¹= Eine Beispiel in diesem Zusammenhang ist die falsche Lehre des so genannten “Wohlstandsevangeliums“. Viele Verkündiger dieses “Evangeliums“ reißen die biblischen Verheißungen, die Gott dem Volk Israel für das kommende Millennium gegeben hat, aus ihrem Zusammenhang und wenden sie auf die heute lebenden, christlichen Gläubigen an. Dabei stellen sie Gott als Erfüller menschlicher Wünsche dar, der den Gläubigen mit Wohlstand und Gesundheit nur so überschütten wird, wenn der Christ nur “richtig“ glauben würde. Diese falsche Lehre propagiert nicht nur – unausgesprochen – eine sehr subtile Form der Ersatztheologie (d.h. der Behauptung, die christliche Versammlung [Gemeinde/Kirche] habe Israel als Volk Gottes ersetzt), sie vermittelt auch ein völlig dem Neuen Testament widersprechendes Verständnis Gottes.
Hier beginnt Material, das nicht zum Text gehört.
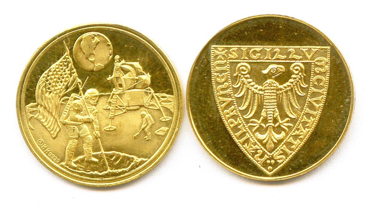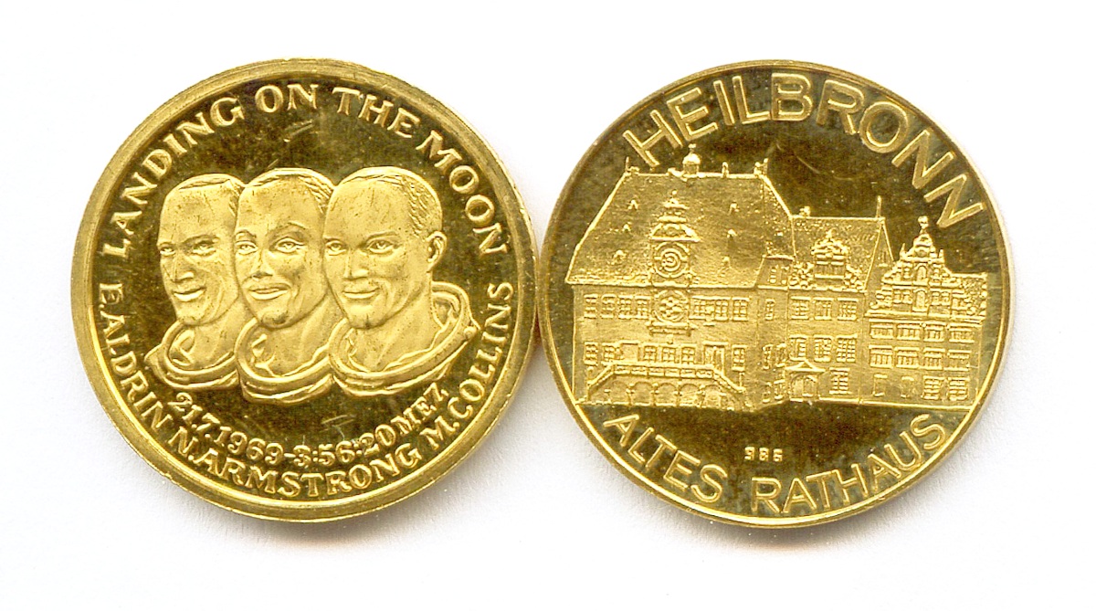Premier pas sur la Lune (Aldrin, Amstrong, Collins) et Hotel de la Ville de Heilbronn (Allemagne).

Wo aber ein falsches Verständnis von Gott  vermittelt wird, wird auch ein falscher Gott angebetet und verkündigt.

²= D. Edmond Hiebert: “Titus“ in: “Ephesians-Philemon“,  The Expositor’s Bible Commentary, Vol. 11, Edited by Frank E. Gaebelein/J. D. Douglas,  Zondervan Publishing House, Grand Rapids 1978, S. 439

³= Weitere, detailliertere Ausführungen zur  erlösenden Gnade Gottes finden sich in den Artikeln “Der Reichtum Seiner Gnade“: Klick! und “Gnade ist mehr“: Klick!

4= vgl. Thayer, Joseph Henry: ‘Thayer’s Greek-English Lexicon of the New Testament”, New York: Harper & Brothers, 1889, Seite 665 f., Anmerkung zu ”χάρις”

5= vgl. J.N. Darby: ”Betrachtungen über das Wort Gottes”, Band 4 (”Matthäus – Johannes”), Ernst-Paulus-Verlag Neustadt/Weinstraße, o. J., Seite 406, Fußnote zu Lukas 14.